And how would one go about that? You either are or are not born into a particular historical/cultural/experiential context. You either are or are not indoctrinated as a child to construe God and religion in a particular way. You either had or did not have a particular set of experiences, relationships, sources of information/knowledge etc., embedded/embodied in “I”.
And that has always been my point. Once you recognize the existential parameters of “I” here, you can set about to the best of your ability to establish what all reasonable men and women are in fact obligated to believe about God and religion instead.
And I’m always the first to acknowledge that this may will be something that can be accomplished. But, in a world bursting at the seams with contingency, chance and change, you would seem unable to entirely preclude sets of circumstances that might nudge “I” in different [conflicting] directions. If only from the cradle to the grave.
Instead, what would need to be established empirically/materially/phenomenally is the existence of God such that the variables I speak of are rendered moot. In other words, a God able to render “I” moot. A god able to subsume any common “I” there might be.

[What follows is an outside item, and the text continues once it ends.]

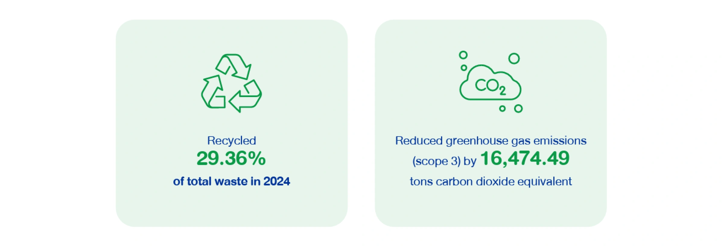 | Manage resources and waste efficiently | Utilize resources efficiently and reduce waste generation at the source by promoting recycling and resource circulation, as well as effective waste management to minimize landfill disposal. | |||

That extant God able at last to connect the dots between the behaviors that we choose on this side of grave and our fate on the other side of it.
Again, the rest is faith. An existential leap to God. Or a “bet” on God.
Still, in a philosophy forum, the quest is always to go beyond that. To grope and to grapple with ways in which to reach God using the tools at the philosopher’s disposal.
Or to acknowledge that may not even be possible. We just don’t know what is true here. We only know that oblivion is out there somewhere…waiting for us around one or another corner.
Then what?
Then maybe God and religion are things that we invent in order to comfort and console ourselves when confronted with “I” leaning over into the abyss that is nothingness for all of eternity.
I would like to believe in God myself.
And, here and now, I suspect the “scorn” that may occasionally filter into my reaction to those who already do revolves psychologically around a resentment that they are comforted and consoled and I am not.
And, with respect to this frame of mind, whether God does in fact exist or not is [ironically enough] immaterial.